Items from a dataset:

● ● ● ● ●

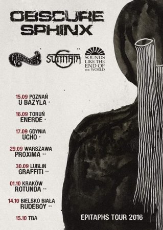 Fanom ciężkiego grania w iście czarnym, mrocznym wydaniu Obscure Sphinx nie trzeba przedstawiać. I nie mam na myśli tylko polskich fanów, jak się okazuje do warszawskiej Proximy 29 września br. na pierwszy koncert Sfinksów po dość długiej przerwie zawitało sporo gości spoza stolicy (tym bardziej, że w związku z problemami zdrowotnymi perkusisty koncert stał pod znakiem zapytania). Nic dziwnego, wydany we wrześniu tego roku trzeci album Epithaps (recenzja) cieszy się nie małym zainteresowaniem, toteż byłam ciekawa, czy trasa promująca przyciągnie masy. Otóż, jeszcze nie teraz, ale z czystym sumieniem życzę warszawskiej formacji headlinerskich, poważnych tras, bo poziom wykonania i prowadzenia koncertu, jaki zaprezentowali, to nie tyle profesjonalizm – to był majstersztyk.
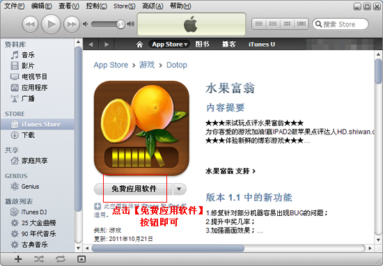 提示:下載免費應用軟件的前提是電腦裡有安裝 iTunes和注冊了蘋果賬號。
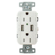 Hubbell USB15A5W White Outlet Dual 15 Amp 125v 2-Pole and Dual 5 Amp 5v USB Ports
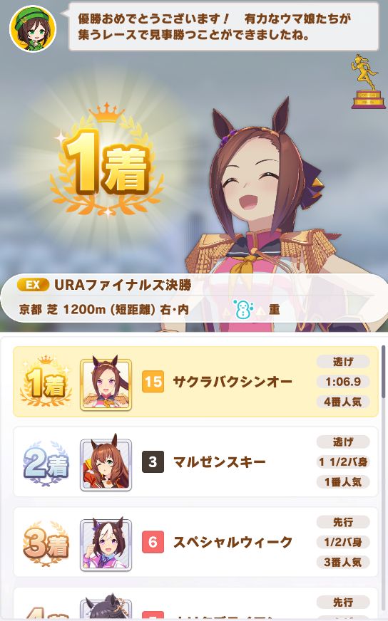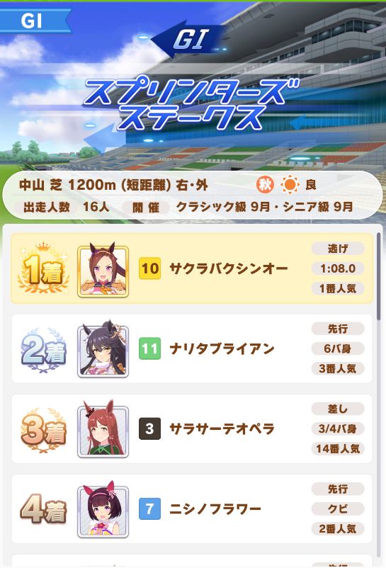 スプリンターズステークスで1コンするわ4%で失敗するわでしたが何とか育成完了
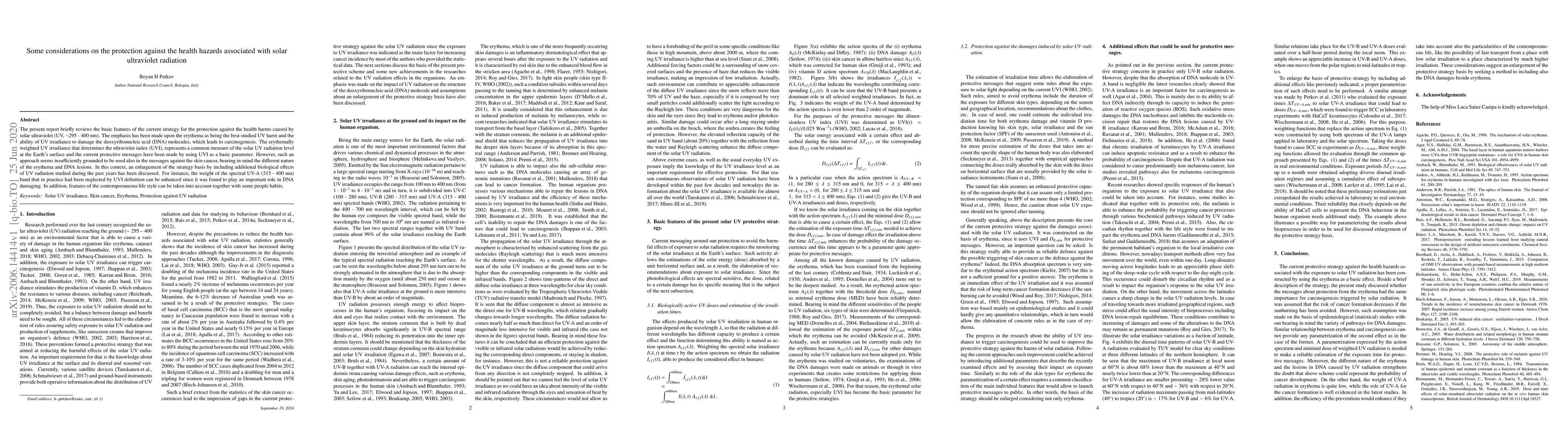 The present report briefly reviews the basic features of the current strategy for the protection against the health harms caused by solar ultraviolet (UV, 295 - 400 nm). The emphasis has been made upon the erythema as being the best-studied UV harm and the ability of UV irradiance to damage the deoxyribonucleic acid (DNA) molecules, which leads to carcinogenesis. The erythemally weighted UV irradiance that determines the ultraviolet index (UVI), represents a common measure of the solar UV radiation level at the Earth's surface and the current protective messages have been made by using UVI as a basic parameter. However, such an approach seems insufficiently grounded to be used also in the messages against the skin cancer, bearing in mind the different nature of the erythema and DNA lesions. In this context, an enlargement of the strategy basis by including additional biological effects of UV radiation studied during the past years has been discussed. For instance, the weight of the spectral UV-A (315 - 400 nm) band that in practice had been neglected by UVI definition can be enhanced since it was found to play an important role in DNA damaging. In addition, features of the contemporaneous life style can be taken into account together with some people habits.
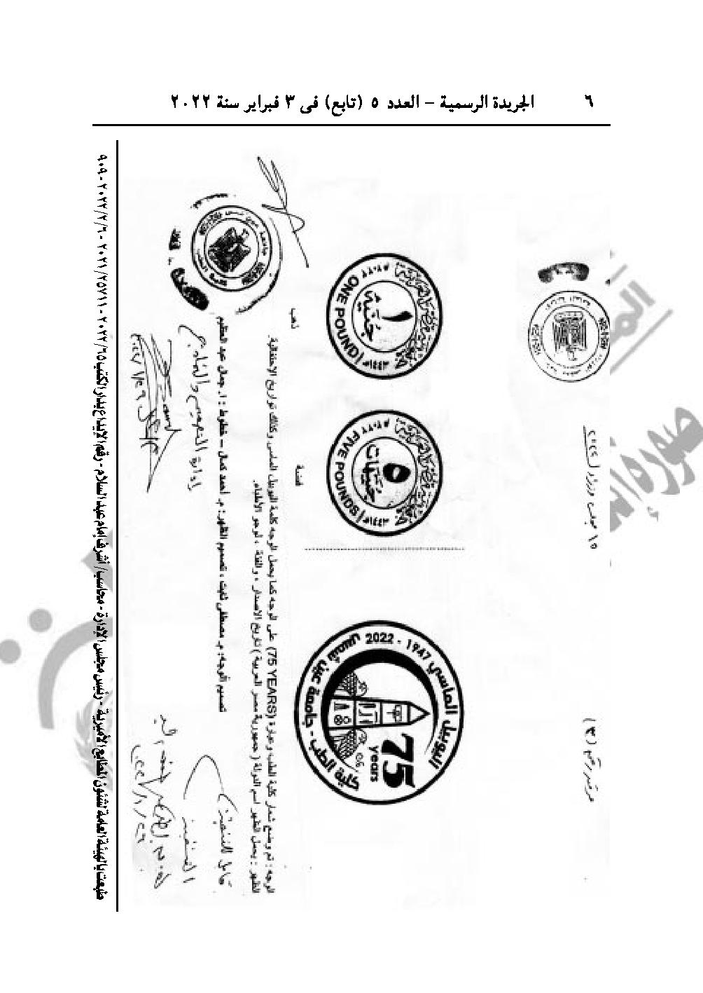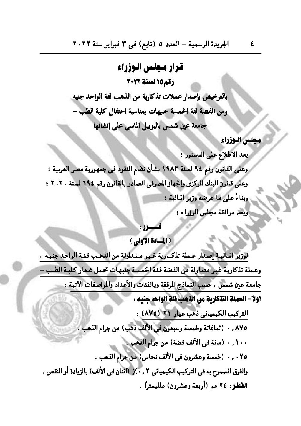 نشرت الجريدة الرسمية في عددها رقم 5 (تابع)، الصادر في 3 فبراير 2022، قرار رئيس الوزراء الدكتور مصطفى مدبولي رقم 15 لسنة 2022، بالترخيص بإصدار عملات تذكارية من الذهب فئة الواحد جنيه ومن الفضة فئة الخمسة جنيهان بمناسبة احتفال كلية الطب، جامعة عين شمس باليوبيل الماسي على إنشائها.
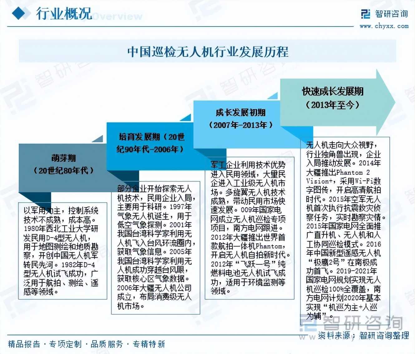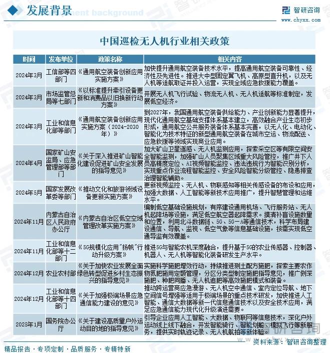 注:本文节选出自智研咨询发布的《2025年中国巡检无人机行业发展历程、市场政策、产业链图谱、供需现状、市场规模、竞争格局及发展趋势研判:能源电力领域需求占比超50%[图]》行业分析文章,如需获取行业文章全部内容,可进入智研咨询搜索查看。
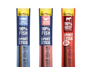 GimDog presenta Sport Stick Salmone e Sport Stick Trota, con il 90% di pesce, e Sport Stick The Mono, con Manzo al 96%, quale unica fonte proteica animale
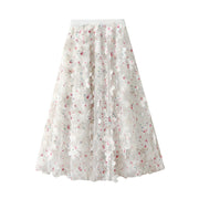 3D Floral Appliqué Mesh Skirt in Morning Haze
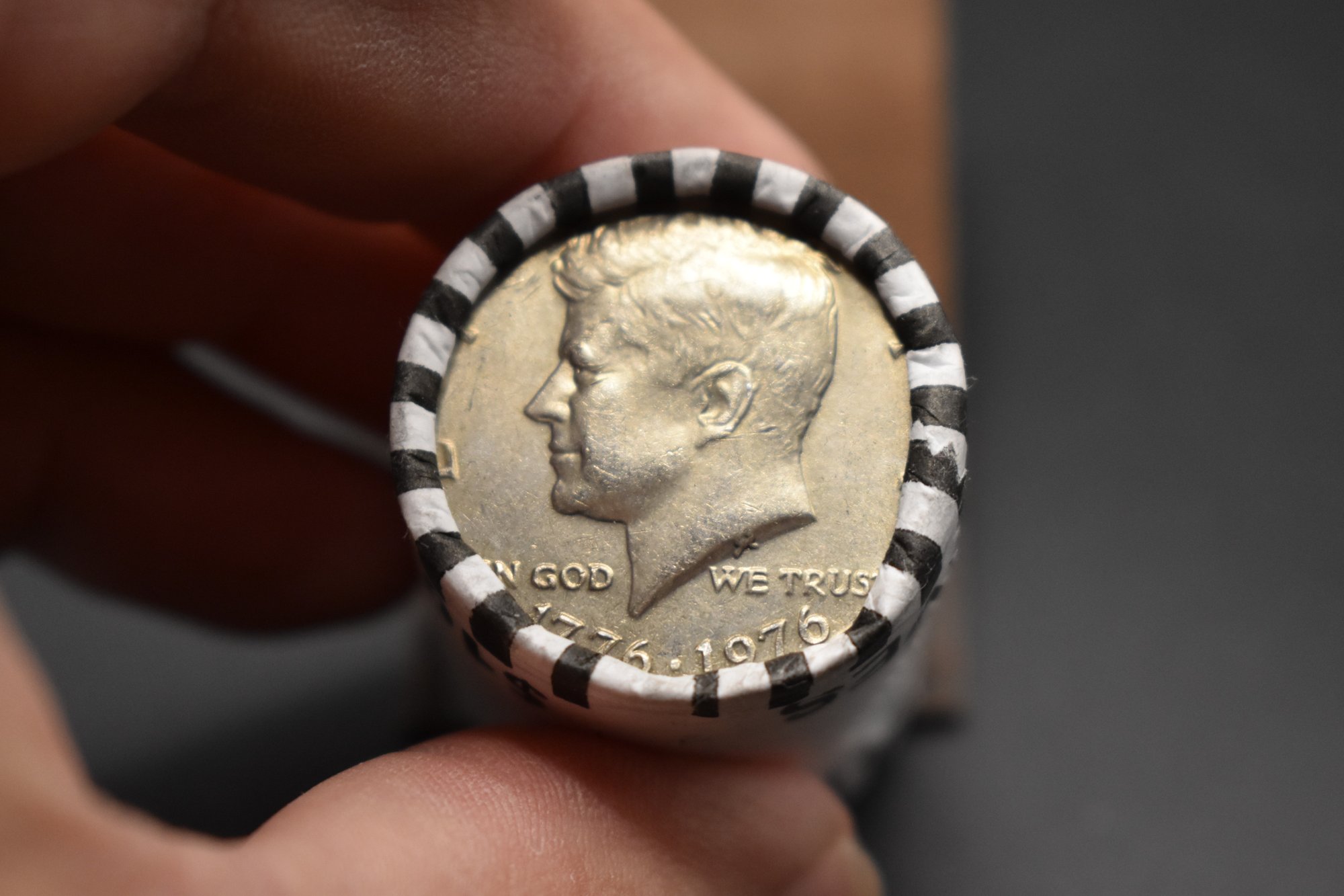 Unsearched Bank Roll of 50 cent Kennedy Half Dollar 1976 on one end
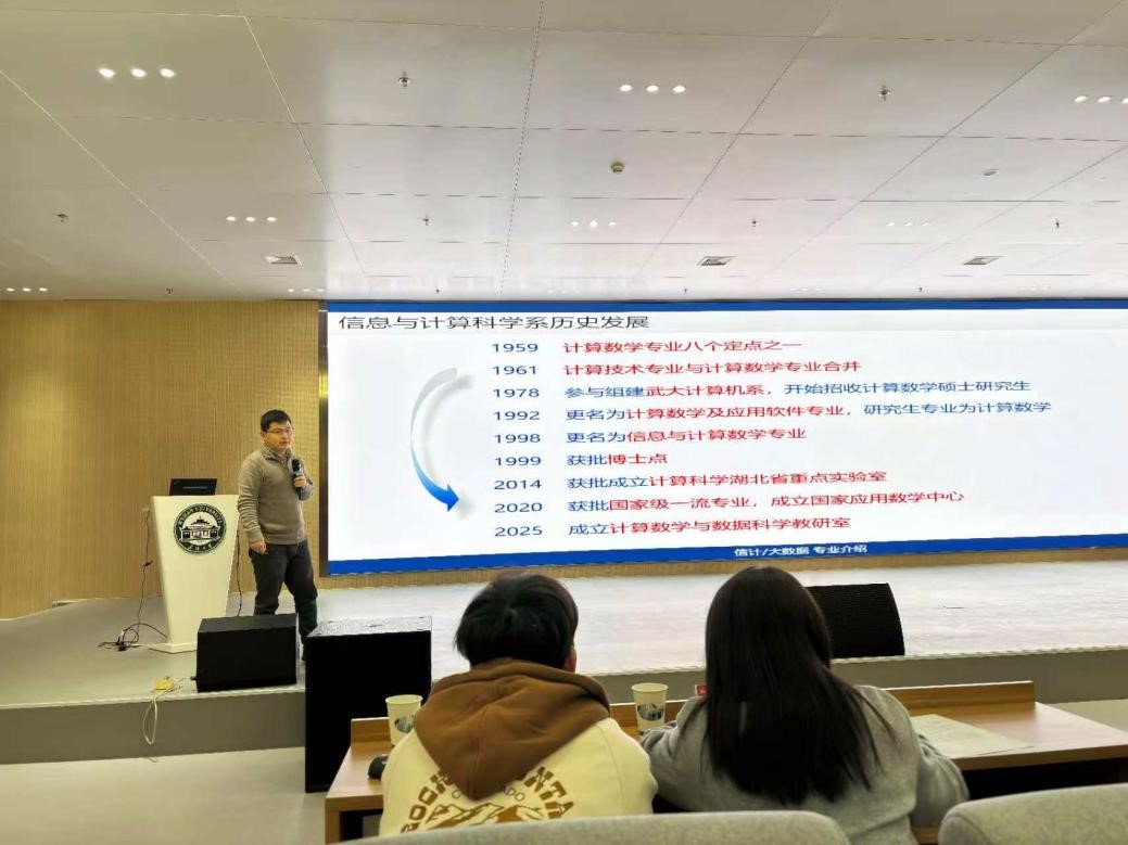 戴书洋介绍了计算数学的历史发展,通过对比信息与计算科学专业及数据科学与大数据专业的核心课程和研究方向,提醒同学们根据个人兴趣、能力特质、发展方向进行专业选择。
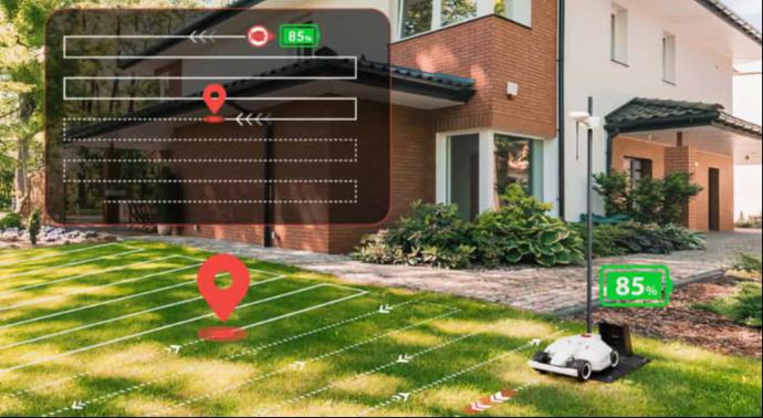 YUKA Mini 600 Robotplæneklipper kører helt trådløst via RTK satellitnavigation og 3D Vision.

● ● ● ● ●

### What is required
Word for word, write out the lines from the top of the records above down to the line holding "スプリンターズステークスで1コンするわ4%で失敗するわでしたが何とか育成完了", inclusive, but not the pictures.

### Task response
 Fanom ciężkiego grania w iście czarnym, mrocznym wydaniu Obscure Sphinx nie trzeba przedstawiać. I nie mam na myśli tylko polskich fanów, jak się okazuje do warszawskiej Proximy 29 września br. na pierwszy koncert Sfinksów po dość długiej przerwie zawitało sporo gości spoza stolicy (tym bardziej, że w związku z problemami zdrowotnymi perkusisty koncert stał pod znakiem zapytania). Nic dziwnego, wydany we wrześniu tego roku trzeci album Epithaps (recenzja) cieszy się nie małym zainteresowaniem, toteż byłam ciekawa, czy trasa promująca przyciągnie masy. Otóż, jeszcze nie teraz, ale z czystym sumieniem życzę warszawskiej formacji headlinerskich, poważnych tras, bo poziom wykonania i prowadzenia koncertu, jaki zaprezentowali, to nie tyle profesjonalizm – to był majstersztyk.
 提示:下載免費應用軟件的前提是電腦裡有安裝 iTunes和注冊了蘋果賬號。
 Hubbell USB15A5W White Outlet Dual 15 Amp 125v 2-Pole and Dual 5 Amp 5v USB Ports
 スプリンターズステークスで1コンするわ4%で失敗するわでしたが何とか育成完了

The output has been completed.